Shifting into Exchange

When we use words instead of material gifts to communicate, we shift to another plane that we have created--language, which works according to similar co-municative principles. But when we shift from material giftgiving to economic exchange, we actually shift to the logic of substitution in place of the logic of the gift. The logic of substitution (which has a linguistic function) in a self-similar process, itself takes the place of the logic of giftgiving. Because of the double, two-level substitution of money for a product and of one logic for another, we cover more ground than we realize; there is a wider gap between giftgiving and exchange than there is even between things and words. (This gap is filled on the one hand with 'deserving' and on the other with correspondence between word and thing--perhaps what we sometimes call 'truth.')1 There is a move from the micro to the macroscopic through the self-similar structures of substitution and exchange. (See figure 15.)

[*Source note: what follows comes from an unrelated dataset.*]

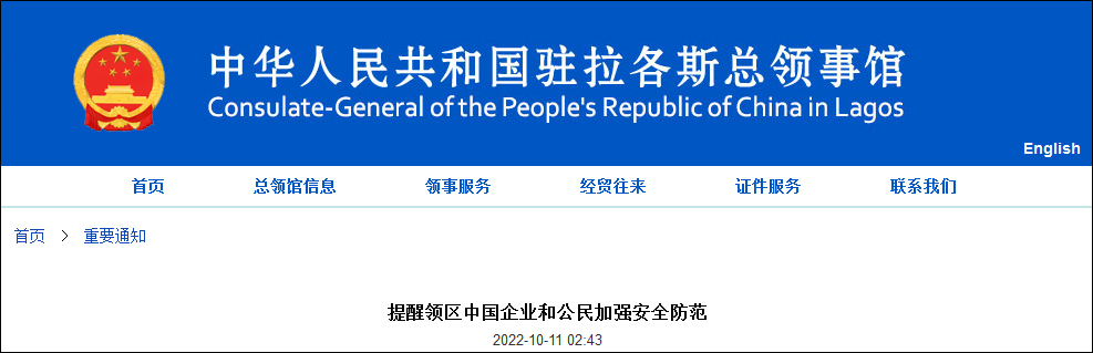 今年外交部和中國駐尼日利亞使領(lǐng)館已發(fā)出通知,提醒中國公民近期暫勿前往尼博爾諾、約貝、阿達瑪瓦、奧貢、奧遜、卡杜納、贊法拉和尼日爾共8州,已在當?shù)刂袊窈蜋C構(gòu)請盡快撤離或轉(zhuǎn)移至相對安全區(qū)域。謹慎前往科吉、拉各斯、高原、;佟⒛喜祭、埃努古、納薩拉瓦、貝努埃、埃邦伊、塔拉巴、卡諾、包奇、河流、克羅斯河、埃多、翁多、阿比亞、阿夸伊博姆、巴耶爾薩、三角洲和伊莫共21州,已在當?shù)厝藛T和機構(gòu)密切關(guān)注安全形勢,保持高度謹慎,加強安全防范和應急準備。在其他地區(qū)人員加強防范,注意安全。如遇緊急情況,請及時報警并與駐尼日利亞使領(lǐng)館聯(lián)系。

The alignment of self-similar structures creates a sort of mind warp, a hole in the roof, a breach with a strong updraft which draws us up into the 'new' mindset of exchange. Then this new mindset or paradigm attracts the attribution of value to itself. (It is only 'new' as opposed to giftgiving, which preceded it ontogenetically and phylogenetically.)

Because of the similarity and self-referentiality at the different levels, we give at least the amount of credence to the substitution of the whole logic of giftgiving by the logic of substitution that we do to the simple substitution of one thing for another. The new grosser-grained material level is familiar.

figFigure 15. Exchange over-takes giftgiving and barter.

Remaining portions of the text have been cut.